Location
- 2025 Manhattan Beach Blvd. Redondo Beach, California 90278 33°53′15″N 118°22′43″W﻿ / ﻿33.8874°N 118.3785°W

Information
- Type: Public
- Opened: 1957
- Closed: 1982
- School district: South Bay Union High School District
- Grades: 9–12
- Campus type: Suburban
- Colors: Black and Orange
- Mascot: The Falcon
- Newspaper: Jet Stream
- Yearbook: Talon

= Aviation High School (California) =

Aviation High School (Aviation, AHS, Avi-Hi) was a high school located in Redondo Beach, California that was in operation from 1957 to 1982. The school occupied 40 acres at the northeast corner of Manhattan Beach Boulevard and Aviation Boulevard (which runs north to the Los Angeles International Airport). Their athletic teams were known as the Falcons and the school colors were black and orange.
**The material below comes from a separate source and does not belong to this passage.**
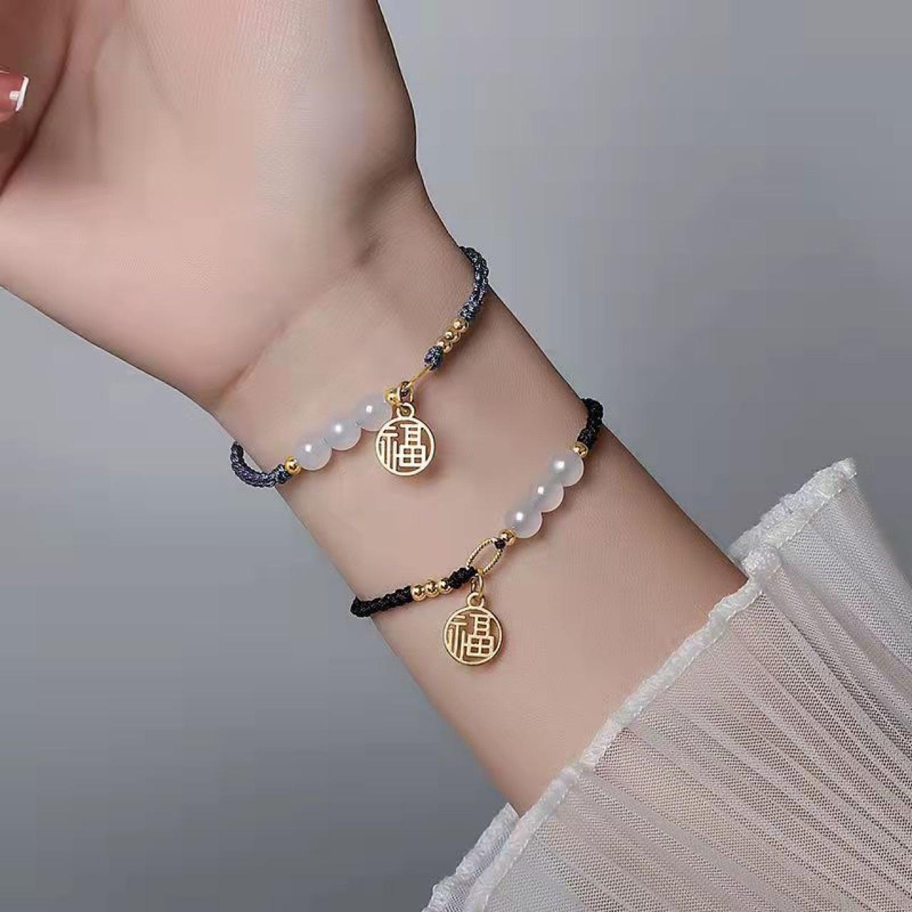 Pulsera Diseño Nicho Ins Marca Fu Cuerda de Mano Tejida Cuerda Novia Pareja Hombres y Mujeres Adornos de Mano Pequeños Regalos

Because of mushrooming growth in the South Bay, Los Angeles beach communities (Manhattan Beach, Redondo Beach, and Hermosa Beach), the school was built in 1957 (at a cost of 4 million dollars) by the then South Bay Union High School District which has today broken into the Redondo Beach Unified School District and the Manhattan Beach Unified School District; the district included two other high schools: Redondo Union High School and Mira Costa High School. Other proposed names for the school were Pilot George High, Will Rogers High, Kittyhawk High and—the second runner-up—Aileen S. Hammond High.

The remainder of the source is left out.